Aiming to be considered among the best of graphic design, illustration and multimedia design in Europe, work from more than 450 individuals and collectives from all over the continent was submitted. All this work was judged in Athens by a jury made up of editors from eleven prestigious communication design magazines in Europe – 2+3D (Poland), CAP & Design (Sweden), +design (Greece), étapes (France), Eye (UK), IDPURE (Switzerland), Items (The Netherlands), KAK (Russia), novum (Germany), TYPO (Czech Republic) and Visual (Spain) — which awarded a total of 50 Merits, 21 Awards and one Jury Prize.

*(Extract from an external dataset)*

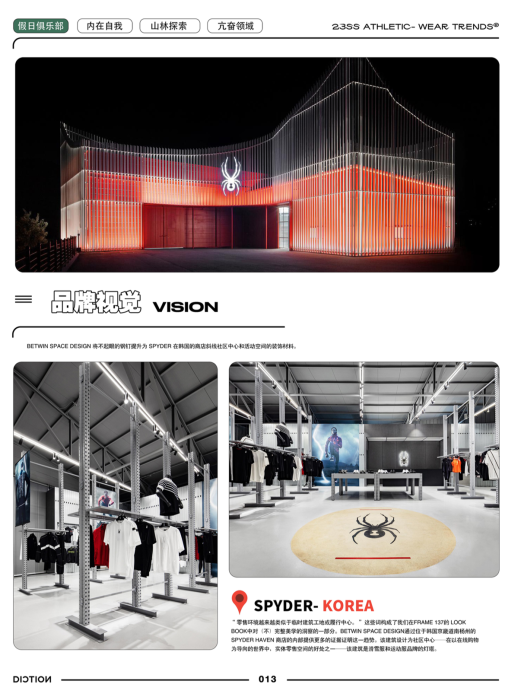这本最新的男装运动趋势书籍从『假日俱乐部』、『内在自我』、『山林探索』、『亢奋领域』四大主题,每一主题围绕着各年龄段,不同人群,不同生活方式与穿着理念出发详细预测解析相关的设计要素,关键细节与重点款式品牌推荐。内容汇集了众多专业运动,户外运动与时尚运动品牌和最新运动潮流亮点。

The awards ceremony, the “grand-finale” of a three-day European Design programme, gathered over 350 professionals and students who came to Athens to be part of this premier event for communication design in Europe. Under the ten main categories— which ranged from illustration to identity, from packaging to poster design — the broad range of work featured came from a total of 13 countries, over 50 individuals and studios, and covered a myriad of different media and platforms.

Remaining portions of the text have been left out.